- [Dataset extract]
>>>>>
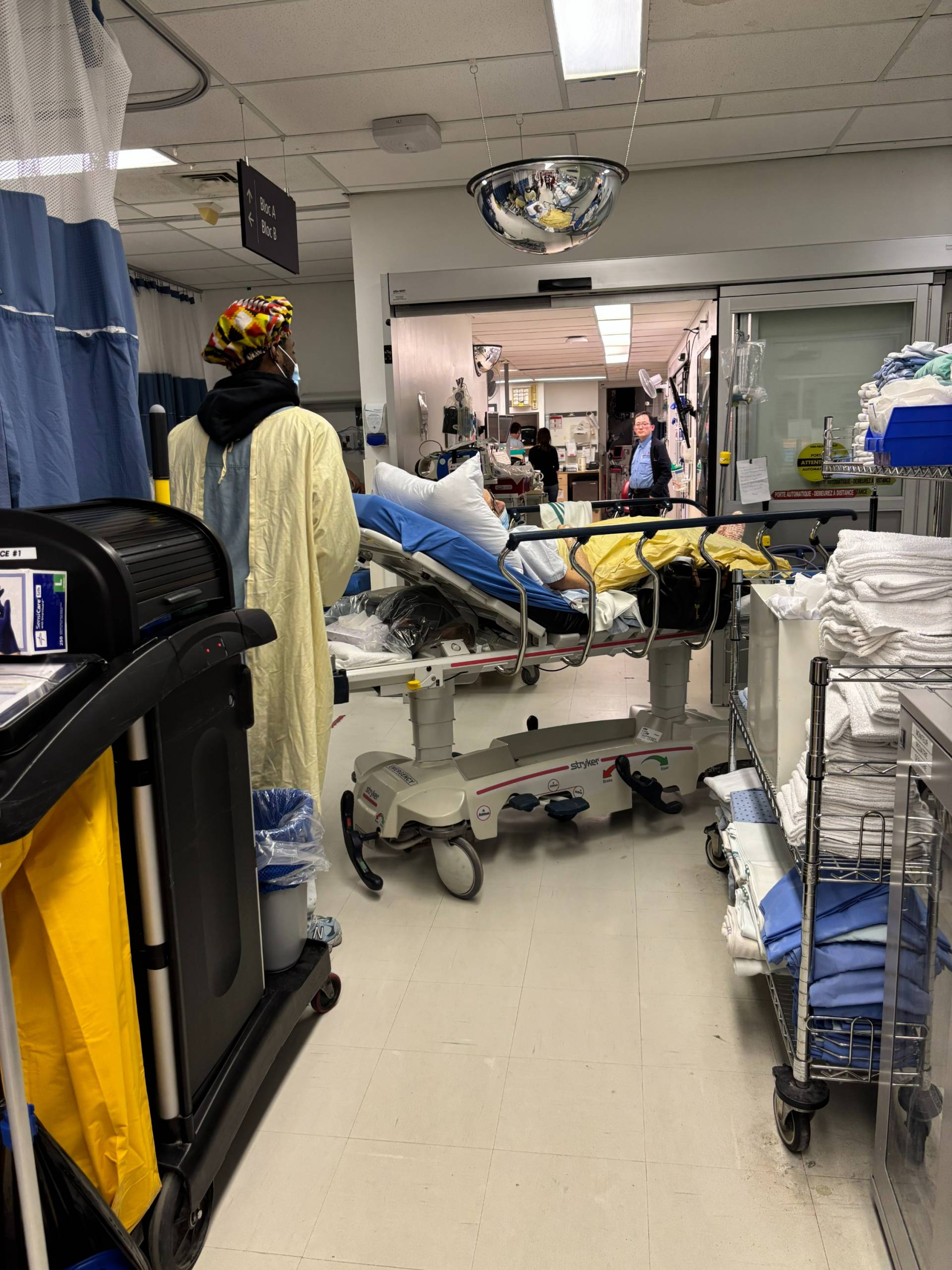 L’espace exigu a forcé l’hôpital à étendre l’unité d’urgence jusque dans les corridors, où l’absence de poste de garde central complique davantage le travail du personnel. Des postes de soins improvisés sont disséminés çà et là, obligeant les infirmières à se lever constamment pour laisser passer collègues et patients.
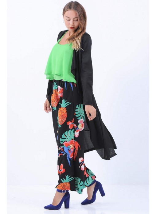 Dantel Yaka Püsküllü Turkuaz Elbise
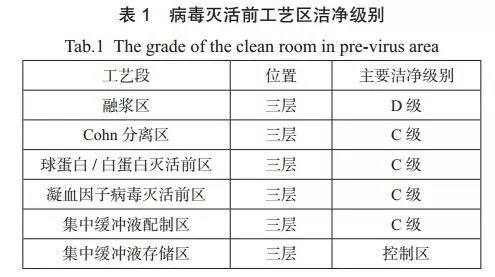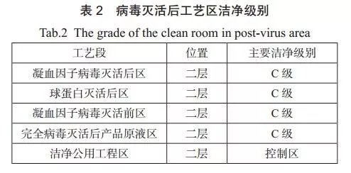 本車間三層病毒滅活前工藝區的潔凈區域劃分原則見表2。
<<<<<
- [What is being asked] The copy must begin with the line containing "Dantel Yaka Püsküllü Turkuaz Elbise", end with the last line of the material, match each line exactly, and hold no pictures.

- [Written solution]
 Dantel Yaka Püsküllü Turkuaz Elbise
 本車間三層病毒滅活前工藝區的潔凈區域劃分原則見表2。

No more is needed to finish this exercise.